• **Source data**

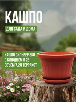 Кашпо СИЛЬВЕР ЭКО с блюдцем D 28, объём 7,2л терракот
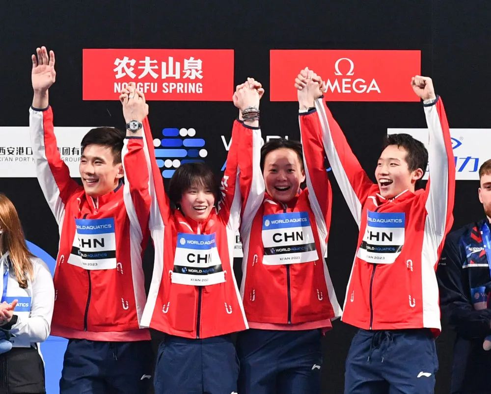 4月16日,中国队选手杨昊、陈芋汐、陈艺文、王宗源(从左至右)在颁奖仪式上。
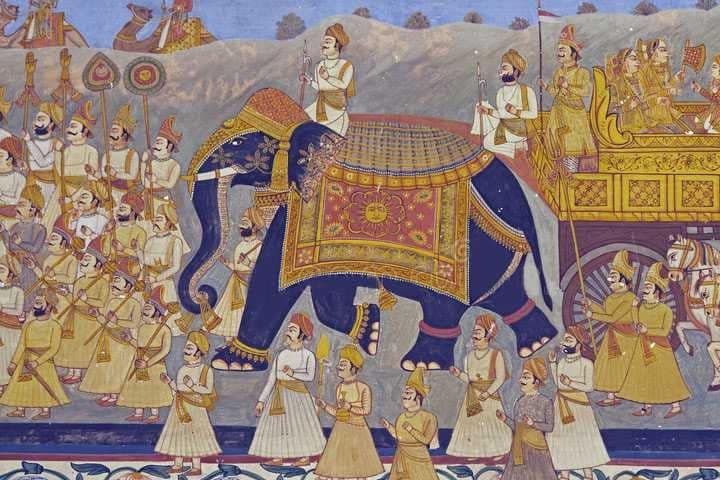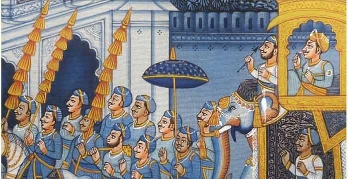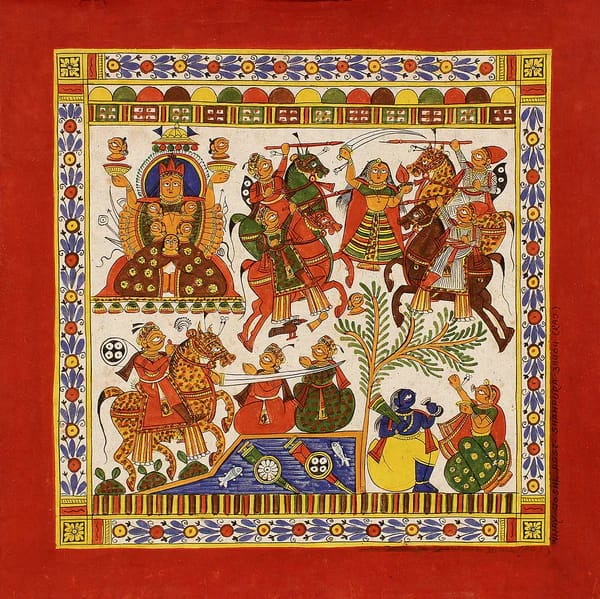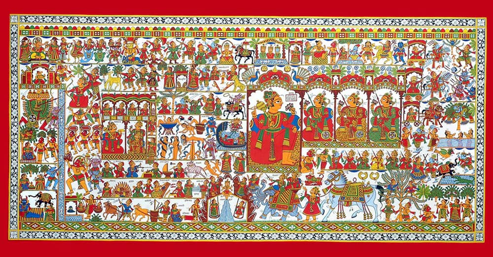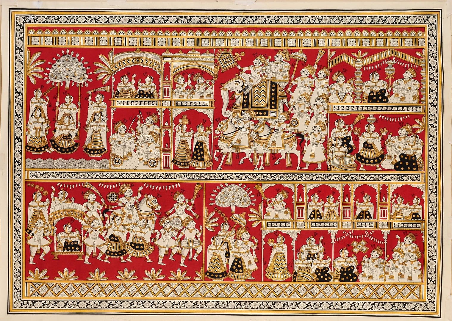 Phad is a traditional Rajasthani scroll painting from India, depicting the stories of local deities, heroic figures from battlefields, adventure stories, and legendary romantic stories on horizontal cloth scrolls with the hues of red, yellow, and bright orange. Phad Painting marvellously portrays multiple stories in a single composition and beautifully maintains the aesthetics of artistic expression.
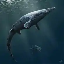 Angolasaurus ("Angola lizard") is an extinct genus of mosasaur. Definite remains from this genus have been recovered from the Turonian and Coniacian of Angola,[1] and possibly the Coniacian of the United States, the Turonian of Brazil,[2] and the Maastrichtian of Niger.[3][4] While at one point considered a species of Platecarpus,[5] recent phylogenetic analyses have placed it between the (then) plioplatecarpines Ectenosaurus and Selmasaurus, maintaining a basal position within the plioplatecarpinae.[6]
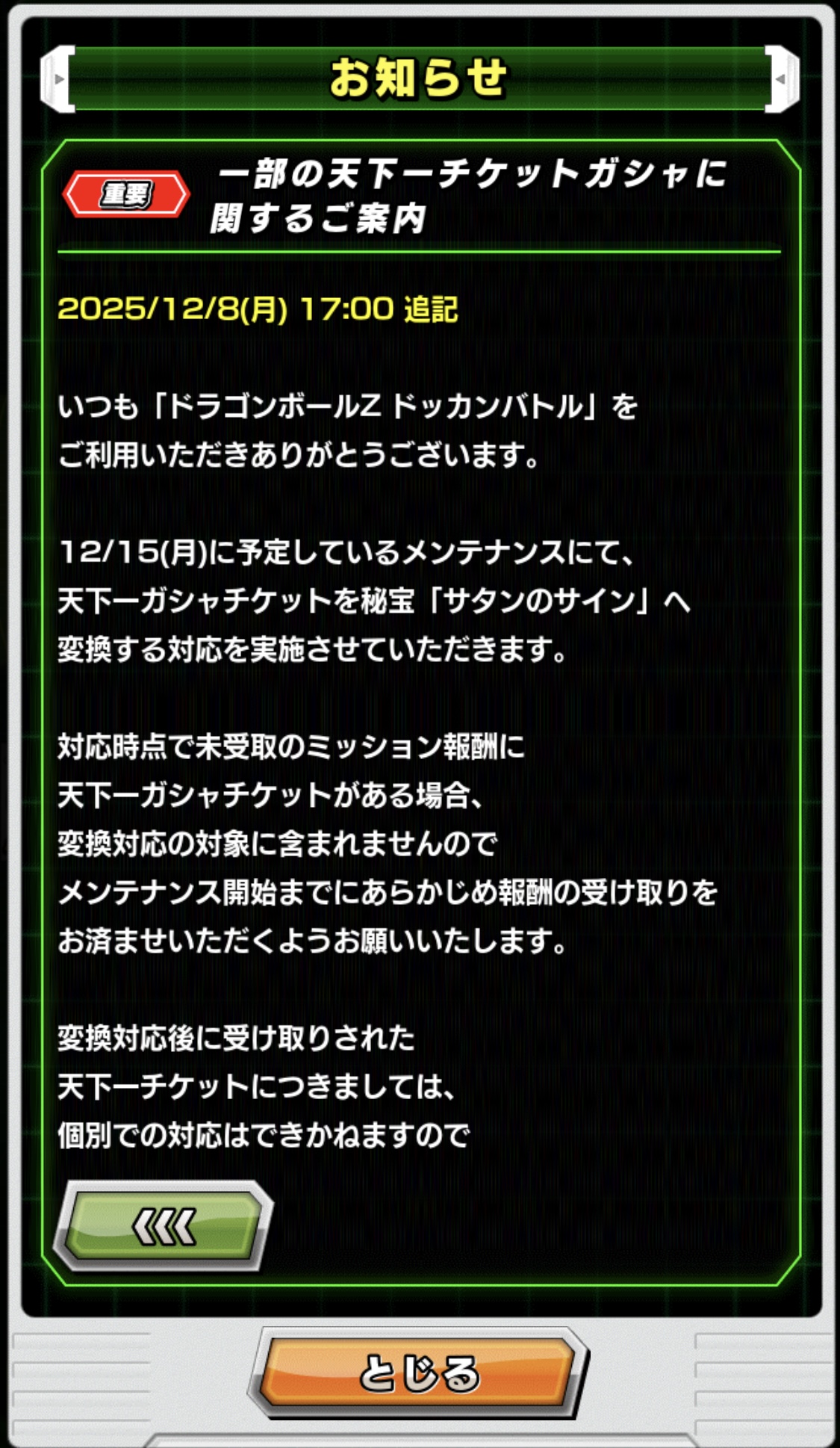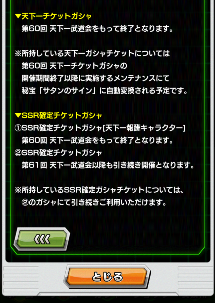 ただやる事自体はいつもと変わらず、メカフリーザの極限が温存された事や次回からSSRチケットがテコ入れされる事などからも、やはり天下一武道会というコンテンツはこのままの形で続けて行くようです。
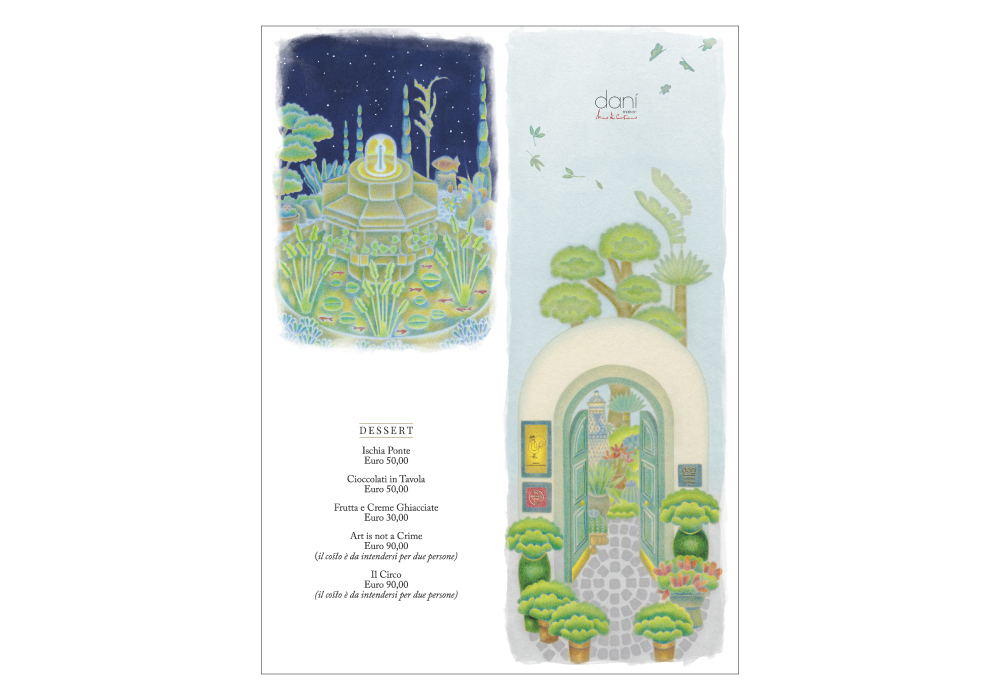 Un dessert con crema cotta al caffè con accanto una meringa secca alla pipernia (timo selvatico tipico ischitano) e una riduzione di caffè espresso. Abbinato a un sorbetto ai fichi freschi con una spuma di latte di bufala al naturale e polvere di caffè. Un cristallo ripieno di una montata di fichi marinati alla pipernia, un carpaccio di fichi freschi e chicchi di caffè sabbiati.
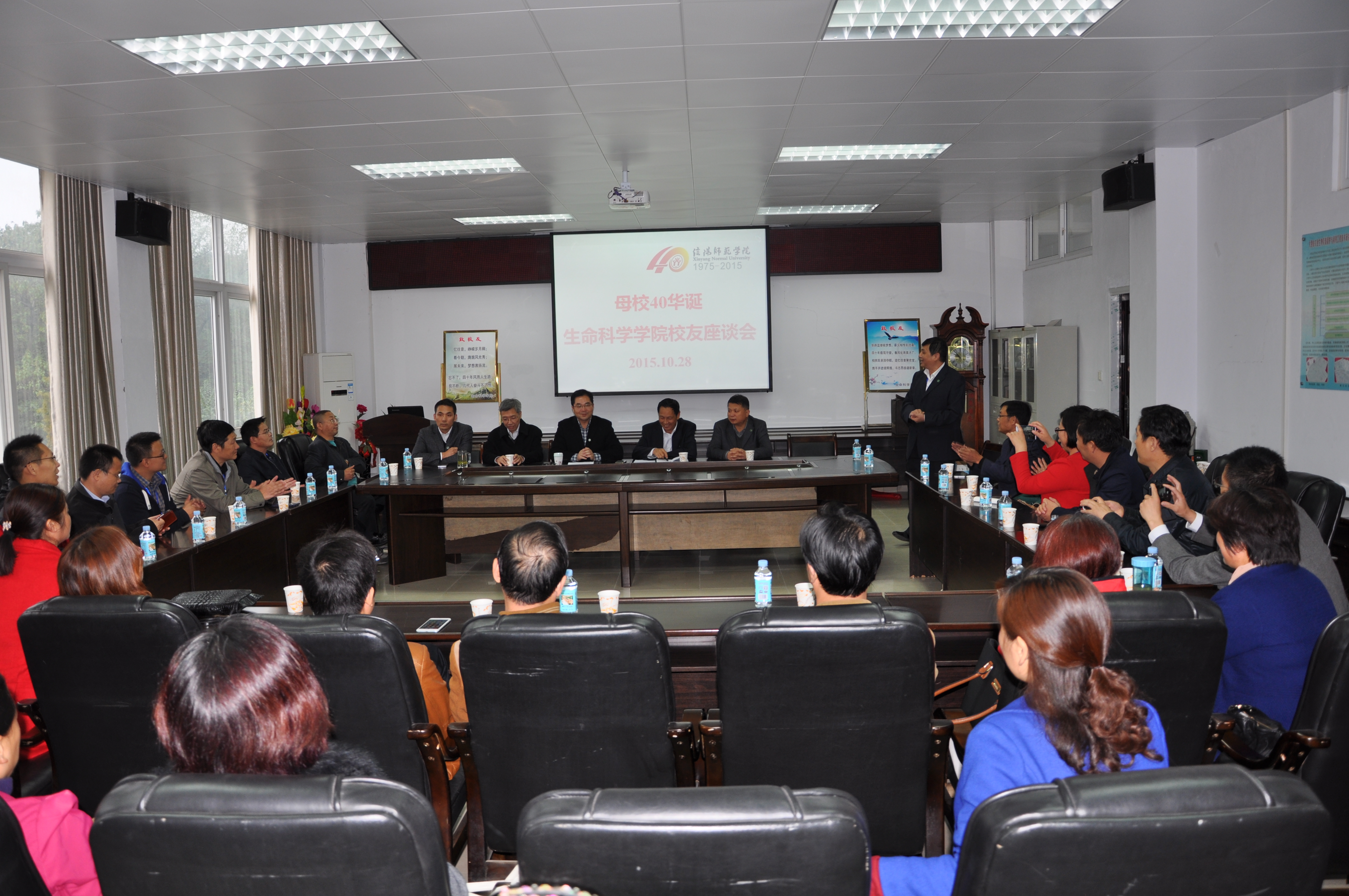 院长袁红雨首先对母系的开创者和全体师生的不懈努力表示崇高敬意,对校友们与母校母系之间的深情厚谊表示仰慕钦佩,从生物科的二次辗转开办,到生物系的艰难起步,再到生科院现阶段农学学科与药学学科的交叉渗透,融与校友们一起创业乐趣,与同事们完成工作任务的志趣,师生互动互助情趣,侃侃说去,娓娓道来,赢得阵阵掌声,声声喝彩。校友们逐人汇报在学时某师某生某物某事,笑语不断,毕业以后起早贪黑饮食不定的创业历程,会场静穆。本科生代表的发言发出了向校友学习,向母校致敬的最强音。
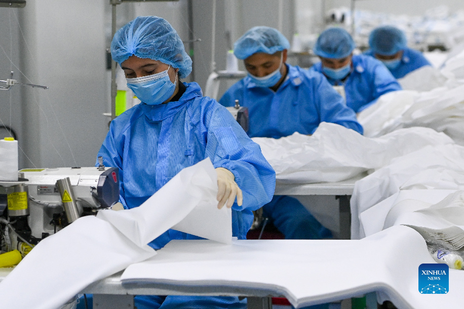 Staff members work in a medical equipment factory at the integrated industrial park in Moyu County of Hotan, northwest China's Xinjiang Uygur Autonomous Region, Jan. 11, 2022. Located on the southern brim of the Taklimakan Desert, Moyu was once an impoverished county with little arable land and weak industrial foundation. In recent years, Moyu County made efforts to attract investment as the booster of industrial development, constantly optimizes the industrial structure, and builds an integrated industrial park with the whole industrial chain of hosiery and electronics, effectively promoting economic development and increasing the income of local people. Up to now, the integrated industrial park in Moyu County has settled 17 enterprises and has offered more than 3,000 jobs. (Xinhua/Ding Lei)
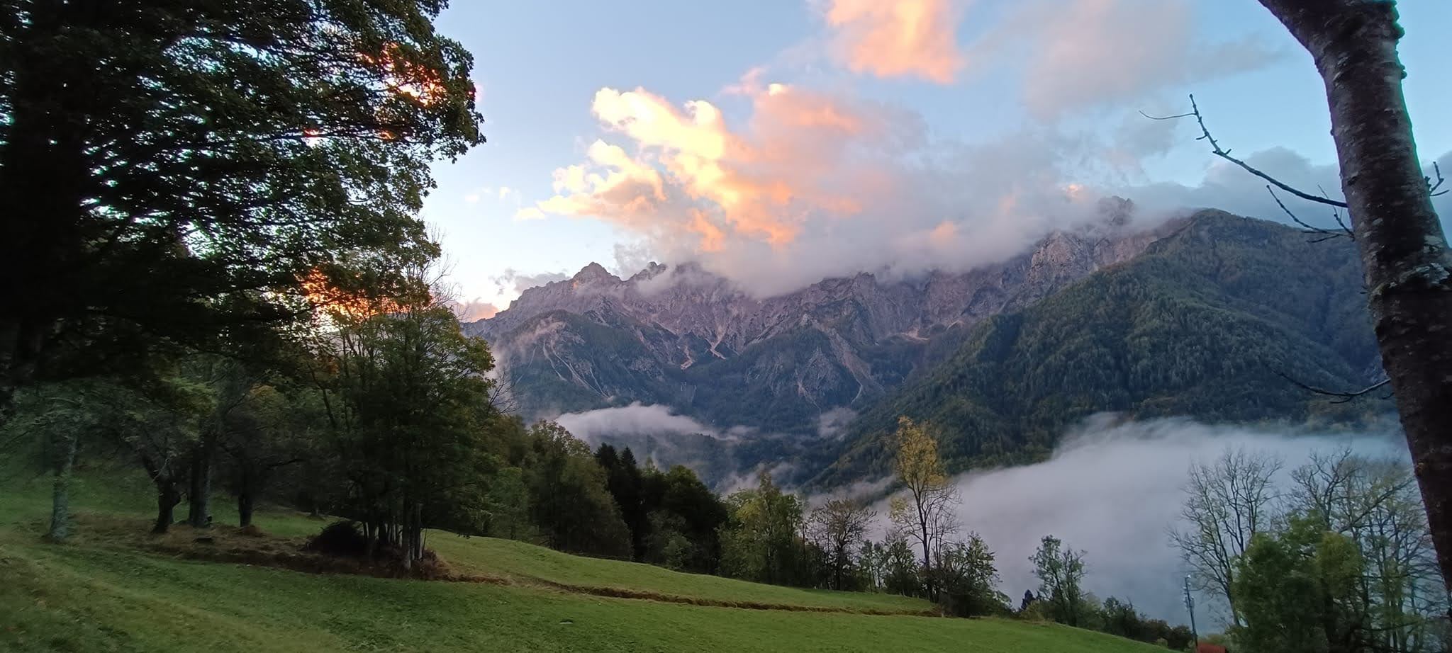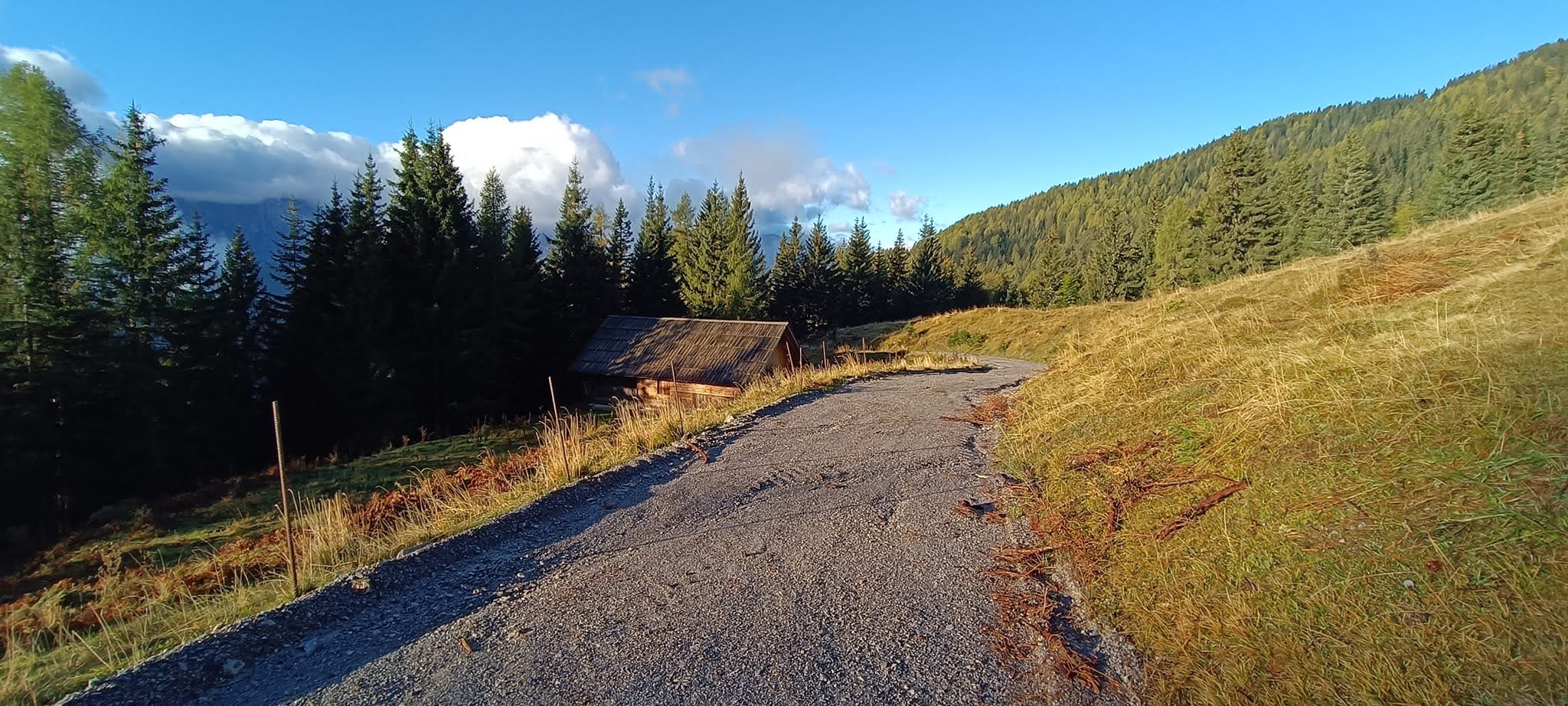 Do izhodišča smo se iz Domžal pripeljali po AC do Jesenic, kjer smo jo zapustili in nadaljevali v smeri Kranjske Gore, a le do vasi Gozd Martuljek, kjer zavijemo desno v strmi breg po zelo ozki cesti do vasice Srednji vrh. Tu pustimo naša vozila in se po lepem sončnem vzhodu odpravimo skozi vas. Glede na burno vremensko dogajanje koncem tedna, je bila tura skoraj odpovedana, le urno spremljanje napovedi vse do poznih sobotnih ur, ko je zunaj še na polno ulival dež, je pokazalo da za dežjem vedno posije sonce in da je bila naša odločitev pravilna. Sprehodimo se mimo domačije Pr`Hlebanjo, mimo nekdanje karavle do domačije Pr`Merklovih, kjer se za trenutek ustavimo in pozdravimo gospodarja in gospodarico, ki si že pridno dajeta opravka v hlevu, ter jima pošljem pozdrave našega slikarja Janeza, katerih sta bila zelo vesela. Janez tudi ona dva ti pošiljata pozdrave. Od tu nadaljujemo v strmino ki ne popušča ob Jureževem grabnu, kateri je znan po Jureževem slapu na potoku Smeč do planine Strug in naprej po cesti do Jureževe planine.
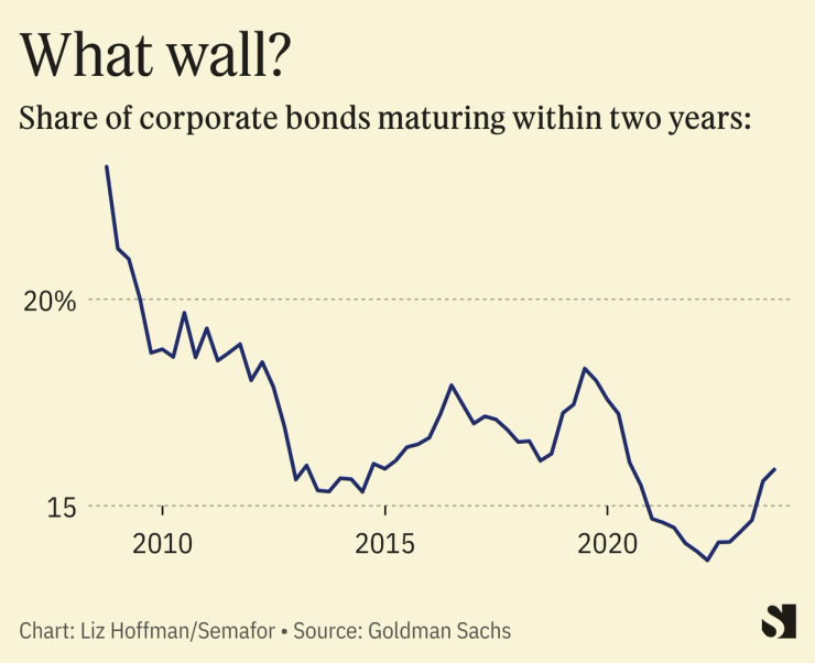 Companies issued so much debt in the free-money era that relatively little is coming due anytime soon. The biggest chunk doesn’t mature until 2028, at which point the Fed’s own governors expect the baseline interest rate to be about half of what it is today.
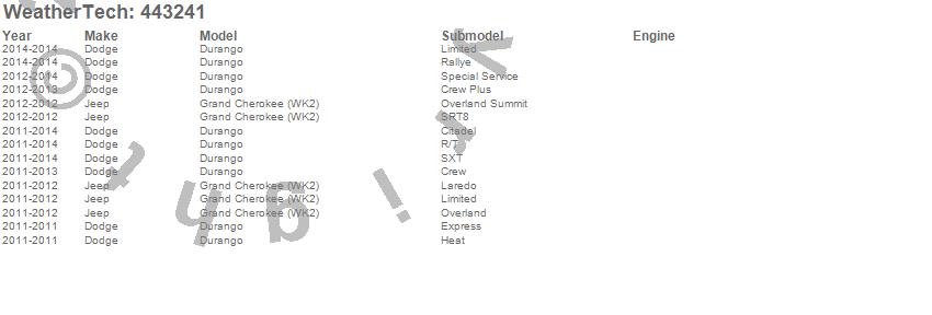 Below is an abbreviated list of applications for the FloorLiner DigitalFit.Durango, Grand Cherokee (WK2), Dodge, Jeep, 2014, 2013, 2012, 2011

• **Task requirements**
An exact copy of the entries, minus the pictures, is what to return.

• **Your solution**
 Кашпо СИЛЬВЕР ЭКО с блюдцем D 28, объём 7,2л терракот
 4月16日,中国队选手杨昊、陈芋汐、陈艺文、王宗源(从左至右)在颁奖仪式上。
 Phad is a traditional Rajasthani scroll painting from India, depicting the stories of local deities, heroic figures from battlefields, adventure stories, and legendary romantic stories on horizontal cloth scrolls with the hues of red, yellow, and bright orange. Phad Painting marvellously portrays multiple stories in a single composition and beautifully maintains the aesthetics of artistic expression.
 Angolasaurus ("Angola lizard") is an extinct genus of mosasaur. Definite remains from this genus have been recovered from the Turonian and Coniacian of Angola,[1] and possibly the Coniacian of the United States, the Turonian of Brazil,[2] and the Maastrichtian of Niger.[3][4] While at one point considered a species of Platecarpus,[5] recent phylogenetic analyses have placed it between the (then) plioplatecarpines Ectenosaurus and Selmasaurus, maintaining a basal position within the plioplatecarpinae.[6]
 ただやる事自体はいつもと変わらず、メカフリーザの極限が温存された事や次回からSSRチケットがテコ入れされる事などからも、やはり天下一武道会というコンテンツはこのままの形で続けて行くようです。
 Un dessert con crema cotta al caffè con accanto una meringa secca alla pipernia (timo selvatico tipico ischitano) e una riduzione di caffè espresso. Abbinato a un sorbetto ai fichi freschi con una spuma di latte di bufala al naturale e polvere di caffè. Un cristallo ripieno di una montata di fichi marinati alla pipernia, un carpaccio di fichi freschi e chicchi di caffè sabbiati.
 院长袁红雨首先对母系的开创者和全体师生的不懈努力表示崇高敬意,对校友们与母校母系之间的深情厚谊表示仰慕钦佩,从生物科的二次辗转开办,到生物系的艰难起步,再到生科院现阶段农学学科与药学学科的交叉渗透,融与校友们一起创业乐趣,与同事们完成工作任务的志趣,师生互动互助情趣,侃侃说去,娓娓道来,赢得阵阵掌声,声声喝彩。校友们逐人汇报在学时某师某生某物某事,笑语不断,毕业以后起早贪黑饮食不定的创业历程,会场静穆。本科生代表的发言发出了向校友学习,向母校致敬的最强音。
 Staff members work in a medical equipment factory at the integrated industrial park in Moyu County of Hotan, northwest China's Xinjiang Uygur Autonomous Region, Jan. 11, 2022. Located on the southern brim of the Taklimakan Desert, Moyu was once an impoverished county with little arable land and weak industrial foundation. In recent years, Moyu County made efforts to attract investment as the booster of industrial development, constantly optimizes the industrial structure, and builds an integrated industrial park with the whole industrial chain of hosiery and electronics, effectively promoting economic development and increasing the income of local people. Up to now, the integrated industrial park in Moyu County has settled 17 enterprises and has offered more than 3,000 jobs. (Xinhua/Ding Lei)
 Do izhodišča smo se iz Domžal pripeljali po AC do Jesenic, kjer smo jo zapustili in nadaljevali v smeri Kranjske Gore, a le do vasi Gozd Martuljek, kjer zavijemo desno v strmi breg po zelo ozki cesti do vasice Srednji vrh. Tu pustimo naša vozila in se po lepem sončnem vzhodu odpravimo skozi vas. Glede na burno vremensko dogajanje koncem tedna, je bila tura skoraj odpovedana, le urno spremljanje napovedi vse do poznih sobotnih ur, ko je zunaj še na polno ulival dež, je pokazalo da za dežjem vedno posije sonce in da je bila naša odločitev pravilna. Sprehodimo se mimo domačije Pr`Hlebanjo, mimo nekdanje karavle do domačije Pr`Merklovih, kjer se za trenutek ustavimo in pozdravimo gospodarja in gospodarico, ki si že pridno dajeta opravka v hlevu, ter jima pošljem pozdrave našega slikarja Janeza, katerih sta bila zelo vesela. Janez tudi ona dva ti pošiljata pozdrave. Od tu nadaljujemo v strmino ki ne popušča ob Jureževem grabnu, kateri je znan po Jureževem slapu na potoku Smeč do planine Strug in naprej po cesti do Jureževe planine.
 Companies issued so much debt in the free-money era that relatively little is coming due anytime soon. The biggest chunk doesn’t mature until 2028, at which point the Fed’s own governors expect the baseline interest rate to be about half of what it is today.
 Below is an abbreviated list of applications for the FloorLiner DigitalFit.Durango, Grand Cherokee (WK2), Dodge, Jeep, 2014, 2013, 2012, 2011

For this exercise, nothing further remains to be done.